<<<<
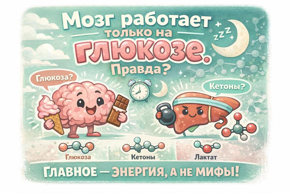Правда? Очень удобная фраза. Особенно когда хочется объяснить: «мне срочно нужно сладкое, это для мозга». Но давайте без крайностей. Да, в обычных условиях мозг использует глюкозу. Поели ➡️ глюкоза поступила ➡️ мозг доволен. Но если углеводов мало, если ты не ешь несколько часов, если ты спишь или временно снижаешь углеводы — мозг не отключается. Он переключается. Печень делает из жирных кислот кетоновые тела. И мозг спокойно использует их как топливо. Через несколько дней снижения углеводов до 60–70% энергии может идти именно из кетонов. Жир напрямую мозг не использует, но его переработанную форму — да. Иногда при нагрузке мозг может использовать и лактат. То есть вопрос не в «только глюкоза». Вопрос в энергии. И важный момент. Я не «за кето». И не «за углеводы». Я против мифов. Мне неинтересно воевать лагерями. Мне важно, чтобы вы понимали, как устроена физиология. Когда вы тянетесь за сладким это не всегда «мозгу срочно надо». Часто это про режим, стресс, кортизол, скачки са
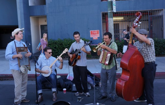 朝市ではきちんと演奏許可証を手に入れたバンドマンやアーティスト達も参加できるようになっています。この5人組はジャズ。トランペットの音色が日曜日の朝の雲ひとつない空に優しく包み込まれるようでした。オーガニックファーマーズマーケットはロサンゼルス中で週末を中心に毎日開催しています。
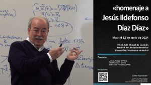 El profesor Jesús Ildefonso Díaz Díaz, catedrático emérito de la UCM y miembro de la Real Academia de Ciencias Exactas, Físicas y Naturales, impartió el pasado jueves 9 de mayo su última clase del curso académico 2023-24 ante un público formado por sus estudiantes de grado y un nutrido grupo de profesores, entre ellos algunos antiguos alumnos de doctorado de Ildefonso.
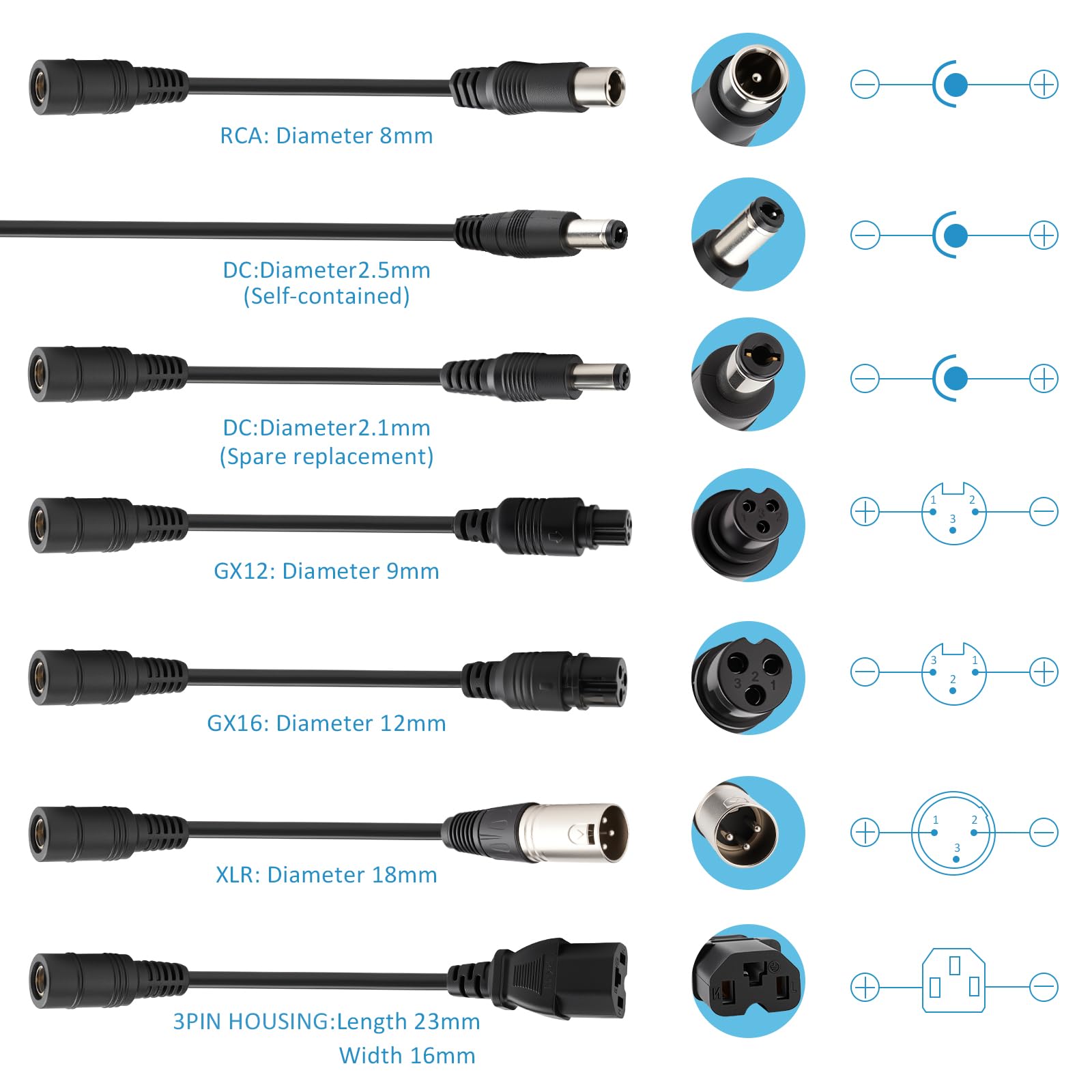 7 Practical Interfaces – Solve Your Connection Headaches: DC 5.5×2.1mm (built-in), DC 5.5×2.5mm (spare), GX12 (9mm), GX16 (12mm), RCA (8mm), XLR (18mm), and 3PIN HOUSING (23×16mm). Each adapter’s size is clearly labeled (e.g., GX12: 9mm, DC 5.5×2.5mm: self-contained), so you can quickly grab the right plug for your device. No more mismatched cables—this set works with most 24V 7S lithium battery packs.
>>>>
» TASK DETAILS:
Print out the material word for word, omitting the pictures.

» OUTPUT BELOW:
Правда? Очень удобная фраза. Особенно когда хочется объяснить: «мне срочно нужно сладкое, это для мозга». Но давайте без крайностей. Да, в обычных условиях мозг использует глюкозу. Поели ➡️ глюкоза поступила ➡️ мозг доволен. Но если углеводов мало, если ты не ешь несколько часов, если ты спишь или временно снижаешь углеводы — мозг не отключается. Он переключается. Печень делает из жирных кислот кетоновые тела. И мозг спокойно использует их как топливо. Через несколько дней снижения углеводов до 60–70% энергии может идти именно из кетонов. Жир напрямую мозг не использует, но его переработанную форму — да. Иногда при нагрузке мозг может использовать и лактат. То есть вопрос не в «только глюкоза». Вопрос в энергии. И важный момент. Я не «за кето». И не «за углеводы». Я против мифов. Мне неинтересно воевать лагерями. Мне важно, чтобы вы понимали, как устроена физиология. Когда вы тянетесь за сладким это не всегда «мозгу срочно надо». Часто это про режим, стресс, кортизол, скачки са
 朝市ではきちんと演奏許可証を手に入れたバンドマンやアーティスト達も参加できるようになっています。この5人組はジャズ。トランペットの音色が日曜日の朝の雲ひとつない空に優しく包み込まれるようでした。オーガニックファーマーズマーケットはロサンゼルス中で週末を中心に毎日開催しています。
 El profesor Jesús Ildefonso Díaz Díaz, catedrático emérito de la UCM y miembro de la Real Academia de Ciencias Exactas, Físicas y Naturales, impartió el pasado jueves 9 de mayo su última clase del curso académico 2023-24 ante un público formado por sus estudiantes de grado y un nutrido grupo de profesores, entre ellos algunos antiguos alumnos de doctorado de Ildefonso.
 7 Practical Interfaces – Solve Your Connection Headaches: DC 5.5×2.1mm (built-in), DC 5.5×2.5mm (spare), GX12 (9mm), GX16 (12mm), RCA (8mm), XLR (18mm), and 3PIN HOUSING (23×16mm). Each adapter’s size is clearly labeled (e.g., GX12: 9mm, DC 5.5×2.5mm: self-contained), so you can quickly grab the right plug for your device. No more mismatched cables—this set works with most 24V 7S lithium battery packs.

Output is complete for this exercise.